Required work: Copy exactly, no pictures: every line from the one that contains "বিশ্ববিদ্যালয়ের প্রক্টর হারুন-অর-রশিদ" through the end of the entries below.

-- Extracted information follows --

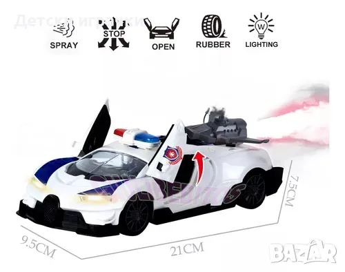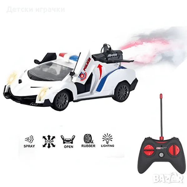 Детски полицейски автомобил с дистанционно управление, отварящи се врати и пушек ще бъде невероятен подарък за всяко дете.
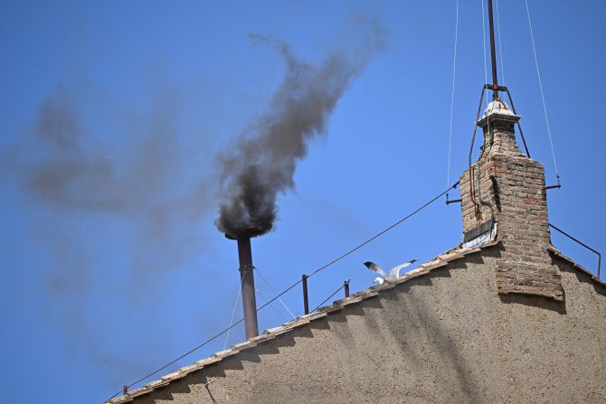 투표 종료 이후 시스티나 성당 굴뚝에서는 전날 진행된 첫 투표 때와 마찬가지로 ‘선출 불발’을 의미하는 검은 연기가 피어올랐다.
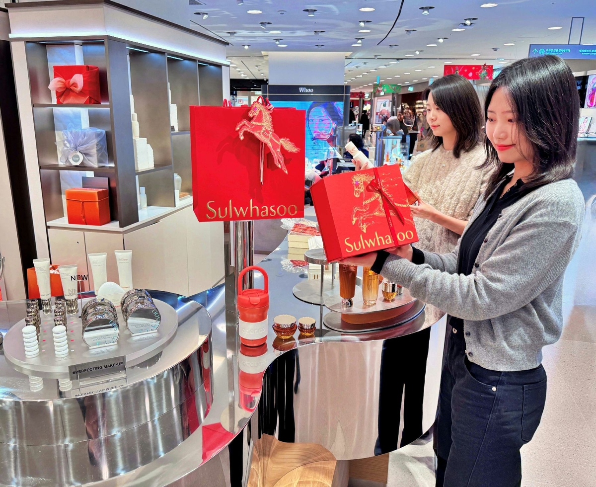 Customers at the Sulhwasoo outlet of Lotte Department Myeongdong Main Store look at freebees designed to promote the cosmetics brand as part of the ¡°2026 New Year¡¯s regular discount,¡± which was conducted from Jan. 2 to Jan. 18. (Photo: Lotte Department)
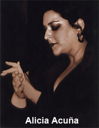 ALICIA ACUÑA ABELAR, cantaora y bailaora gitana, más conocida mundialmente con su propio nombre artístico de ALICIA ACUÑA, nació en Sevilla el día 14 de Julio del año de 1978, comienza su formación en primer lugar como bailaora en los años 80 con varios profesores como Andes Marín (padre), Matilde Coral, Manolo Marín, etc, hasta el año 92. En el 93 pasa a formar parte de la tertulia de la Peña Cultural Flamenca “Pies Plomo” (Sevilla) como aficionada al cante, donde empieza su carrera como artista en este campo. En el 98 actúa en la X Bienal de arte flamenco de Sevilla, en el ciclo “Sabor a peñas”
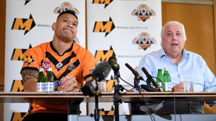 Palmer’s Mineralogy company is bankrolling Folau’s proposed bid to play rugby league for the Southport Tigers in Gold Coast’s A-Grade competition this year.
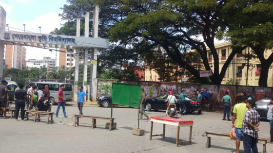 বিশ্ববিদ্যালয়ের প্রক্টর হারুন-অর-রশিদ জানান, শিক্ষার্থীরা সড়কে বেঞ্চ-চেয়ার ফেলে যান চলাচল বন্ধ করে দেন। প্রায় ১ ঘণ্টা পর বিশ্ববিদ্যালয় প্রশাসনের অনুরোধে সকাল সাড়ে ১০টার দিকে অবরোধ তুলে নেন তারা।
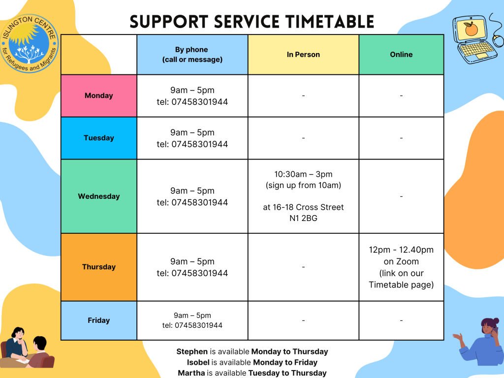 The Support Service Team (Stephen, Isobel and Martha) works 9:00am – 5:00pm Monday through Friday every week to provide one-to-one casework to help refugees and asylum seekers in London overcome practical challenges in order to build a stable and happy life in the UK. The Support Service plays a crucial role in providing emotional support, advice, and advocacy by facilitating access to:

-- Extracted information concluded --

Solved exercise:
 বিশ্ববিদ্যালয়ের প্রক্টর হারুন-অর-রশিদ জানান, শিক্ষার্থীরা সড়কে বেঞ্চ-চেয়ার ফেলে যান চলাচল বন্ধ করে দেন। প্রায় ১ ঘণ্টা পর বিশ্ববিদ্যালয় প্রশাসনের অনুরোধে সকাল সাড়ে ১০টার দিকে অবরোধ তুলে নেন তারা।
 The Support Service Team (Stephen, Isobel and Martha) works 9:00am – 5:00pm Monday through Friday every week to provide one-to-one casework to help refugees and asylum seekers in London overcome practical challenges in order to build a stable and happy life in the UK. The Support Service plays a crucial role in providing emotional support, advice, and advocacy by facilitating access to:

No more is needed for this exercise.